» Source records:
....

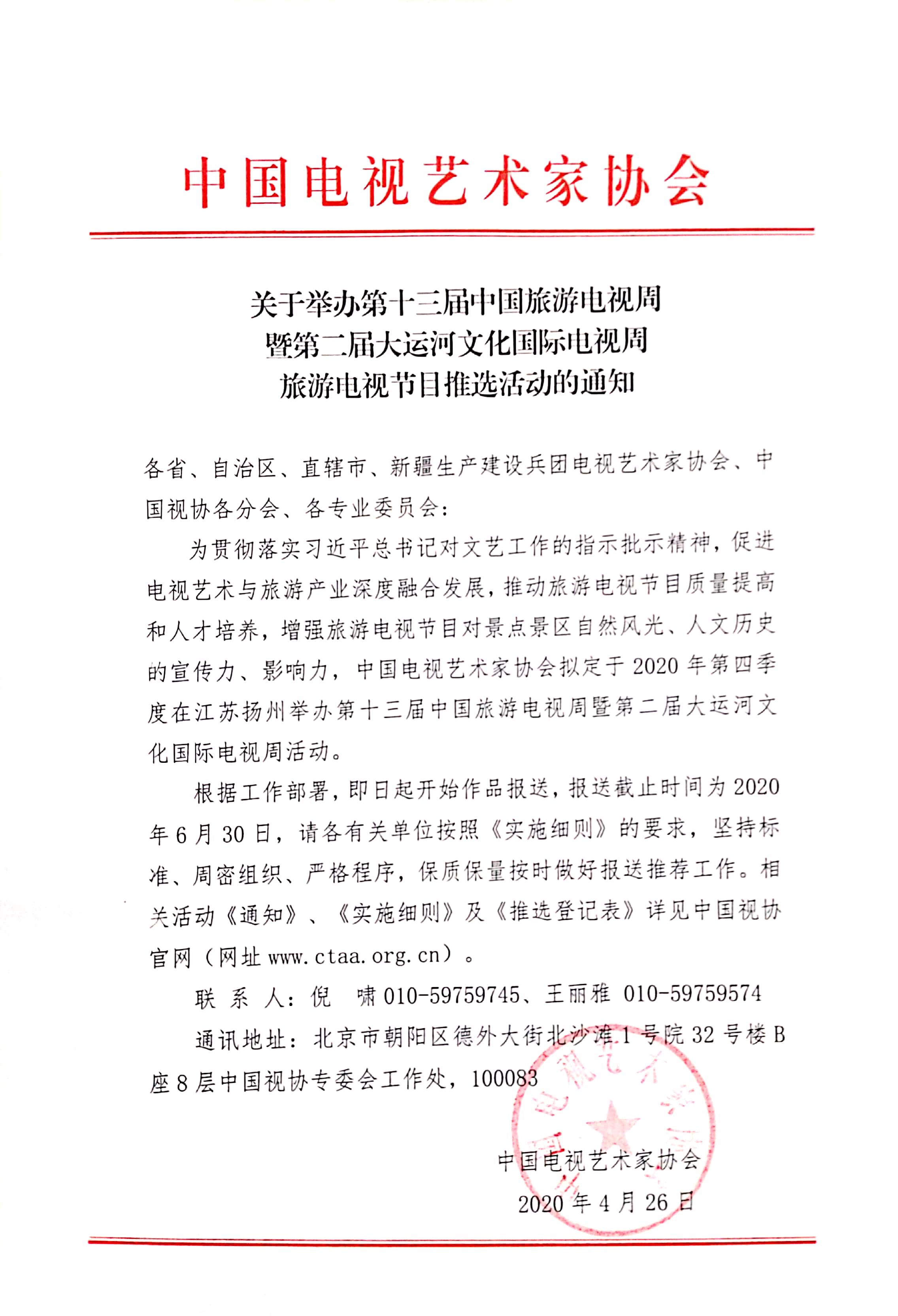 第十三届中国旅游电视周旅游电视节目推选活动通知
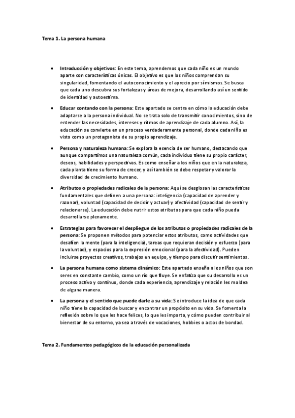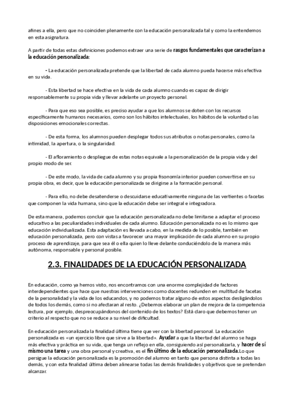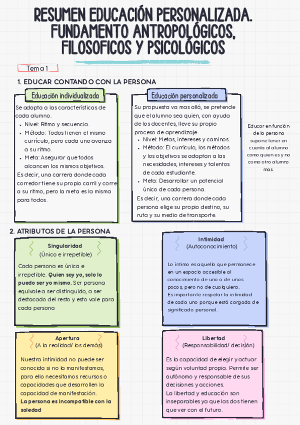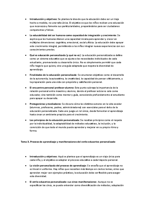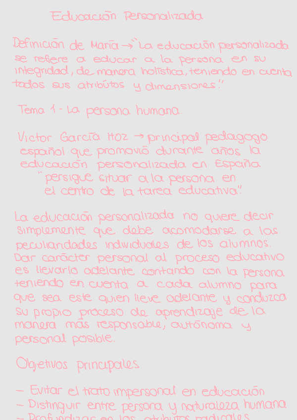 Resumen y apuntes del temario de Educación Personalizada.
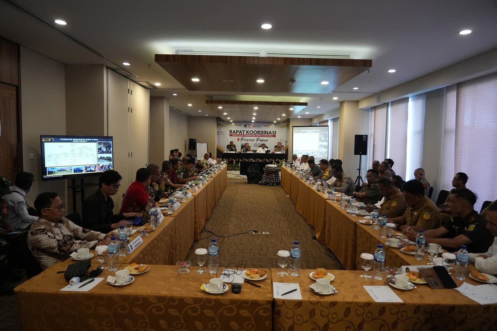 Rakor Kesiapan PSU Papua dihadiri pejabat dari berbagai lembaga terkait. Antara lain PJ Gubernur Papua, Wakapolda Papua, Kabinda Papua, Ketua KPU dan Ketua Bawaslu Papua.
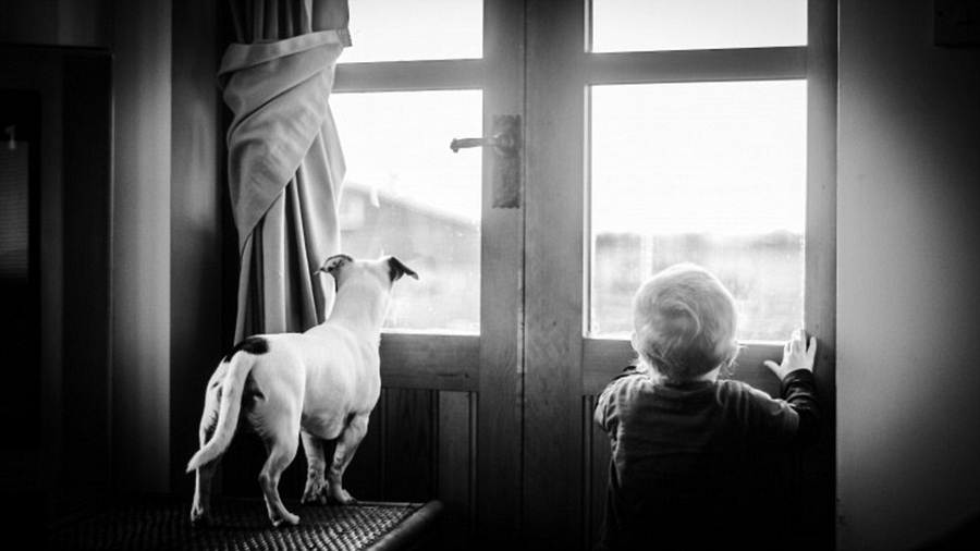 イギリスの『デイリー・メール』の9月27日の報道によると、写真家が撮った犬が子供と一緒に窓の外を眺めておじいちゃんの帰りを待つ姿がフォトコンテスト「愛という名のもとに」で高く評価された。
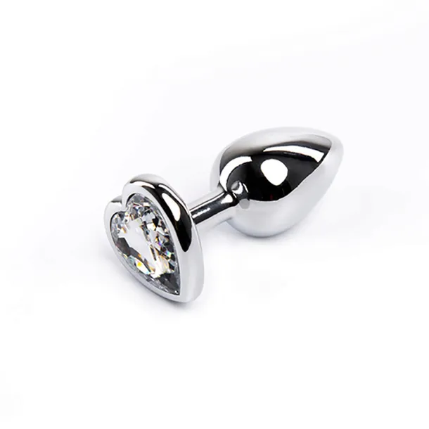 Silver small heart-shaped butt plug with white crystal

....

» Your objective: A faithful copy of the entries above is needed, one that contains no images.

» Answer below:
 第十三届中国旅游电视周旅游电视节目推选活动通知
 Resumen y apuntes del temario de Educación Personalizada.
 Rakor Kesiapan PSU Papua dihadiri pejabat dari berbagai lembaga terkait. Antara lain PJ Gubernur Papua, Wakapolda Papua, Kabinda Papua, Ketua KPU dan Ketua Bawaslu Papua.
 イギリスの『デイリー・メール』の9月27日の報道によると、写真家が撮った犬が子供と一緒に窓の外を眺めておじいちゃんの帰りを待つ姿がフォトコンテスト「愛という名のもとに」で高く評価された。
 Silver small heart-shaped butt plug with white crystal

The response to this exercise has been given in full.